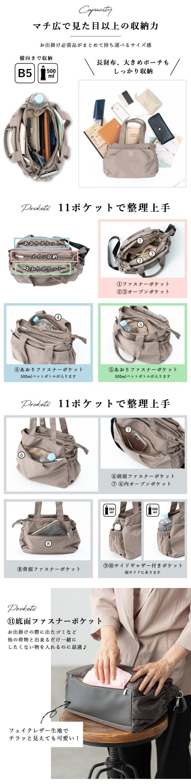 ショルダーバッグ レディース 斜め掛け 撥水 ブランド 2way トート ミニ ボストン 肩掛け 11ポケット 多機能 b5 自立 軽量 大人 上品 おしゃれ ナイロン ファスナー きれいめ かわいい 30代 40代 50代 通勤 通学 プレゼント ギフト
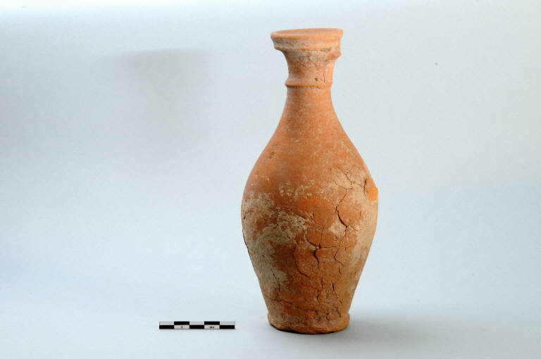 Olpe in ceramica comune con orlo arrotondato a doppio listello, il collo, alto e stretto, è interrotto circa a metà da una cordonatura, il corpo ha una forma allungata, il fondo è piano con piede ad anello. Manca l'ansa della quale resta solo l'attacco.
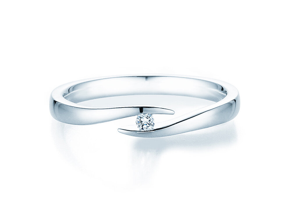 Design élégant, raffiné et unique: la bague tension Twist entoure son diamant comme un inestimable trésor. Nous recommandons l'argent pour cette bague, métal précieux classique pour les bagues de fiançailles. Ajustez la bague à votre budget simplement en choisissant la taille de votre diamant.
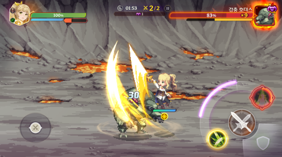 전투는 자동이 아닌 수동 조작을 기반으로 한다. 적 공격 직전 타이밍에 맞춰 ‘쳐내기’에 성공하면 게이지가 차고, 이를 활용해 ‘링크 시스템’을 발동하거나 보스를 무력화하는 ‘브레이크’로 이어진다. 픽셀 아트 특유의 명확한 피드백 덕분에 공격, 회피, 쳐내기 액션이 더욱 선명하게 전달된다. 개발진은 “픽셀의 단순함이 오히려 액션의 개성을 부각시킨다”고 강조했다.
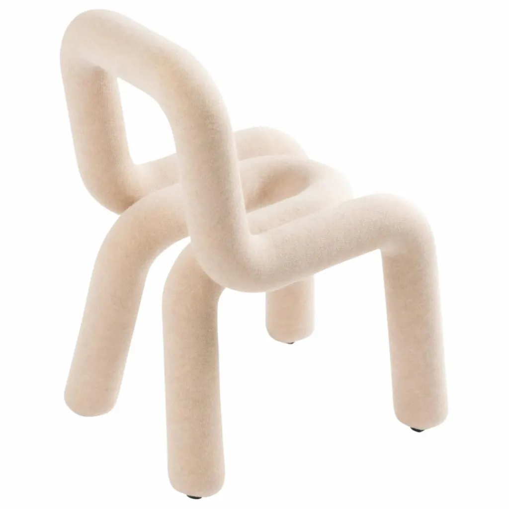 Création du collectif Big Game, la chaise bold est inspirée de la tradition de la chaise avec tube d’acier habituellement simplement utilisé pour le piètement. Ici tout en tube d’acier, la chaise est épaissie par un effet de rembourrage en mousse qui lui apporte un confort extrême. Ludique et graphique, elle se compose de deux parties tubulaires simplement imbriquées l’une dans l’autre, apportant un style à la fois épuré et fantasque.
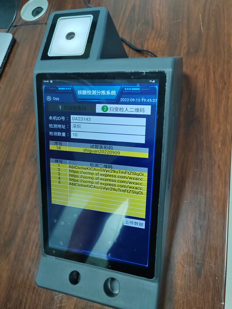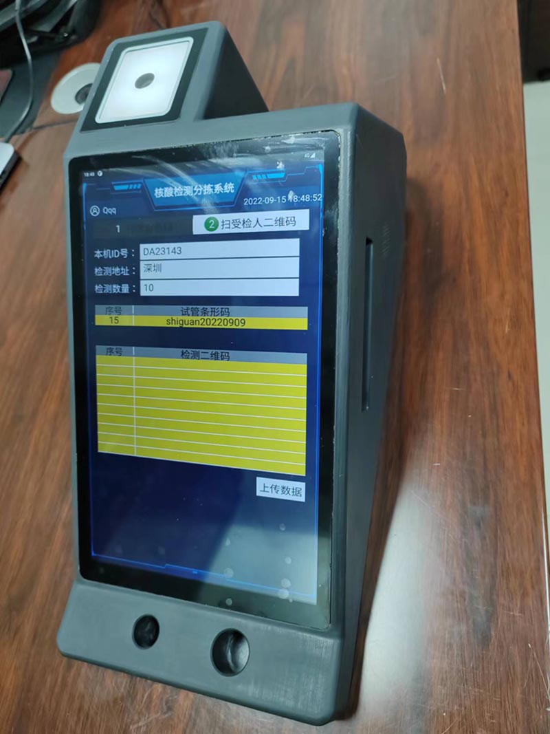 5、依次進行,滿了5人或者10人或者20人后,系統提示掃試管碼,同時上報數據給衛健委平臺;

== == ==

** Work to be completed **
Repeat each entry above word for word, leaving every picture out.

** Answer box **
 ショルダーバッグ レディース 斜め掛け 撥水 ブランド 2way トート ミニ ボストン 肩掛け 11ポケット 多機能 b5 自立 軽量 大人 上品 おしゃれ ナイロン ファスナー きれいめ かわいい 30代 40代 50代 通勤 通学 プレゼント ギフト
 Olpe in ceramica comune con orlo arrotondato a doppio listello, il collo, alto e stretto, è interrotto circa a metà da una cordonatura, il corpo ha una forma allungata, il fondo è piano con piede ad anello. Manca l'ansa della quale resta solo l'attacco.
 Design élégant, raffiné et unique: la bague tension Twist entoure son diamant comme un inestimable trésor. Nous recommandons l'argent pour cette bague, métal précieux classique pour les bagues de fiançailles. Ajustez la bague à votre budget simplement en choisissant la taille de votre diamant.
 전투는 자동이 아닌 수동 조작을 기반으로 한다. 적 공격 직전 타이밍에 맞춰 ‘쳐내기’에 성공하면 게이지가 차고, 이를 활용해 ‘링크 시스템’을 발동하거나 보스를 무력화하는 ‘브레이크’로 이어진다. 픽셀 아트 특유의 명확한 피드백 덕분에 공격, 회피, 쳐내기 액션이 더욱 선명하게 전달된다. 개발진은 “픽셀의 단순함이 오히려 액션의 개성을 부각시킨다”고 강조했다.
 Création du collectif Big Game, la chaise bold est inspirée de la tradition de la chaise avec tube d’acier habituellement simplement utilisé pour le piètement. Ici tout en tube d’acier, la chaise est épaissie par un effet de rembourrage en mousse qui lui apporte un confort extrême. Ludique et graphique, elle se compose de deux parties tubulaires simplement imbriquées l’une dans l’autre, apportant un style à la fois épuré et fantasque.
 5、依次進行,滿了5人或者10人或者20人后,系統提示掃試管碼,同時上報數據給衛健委平臺;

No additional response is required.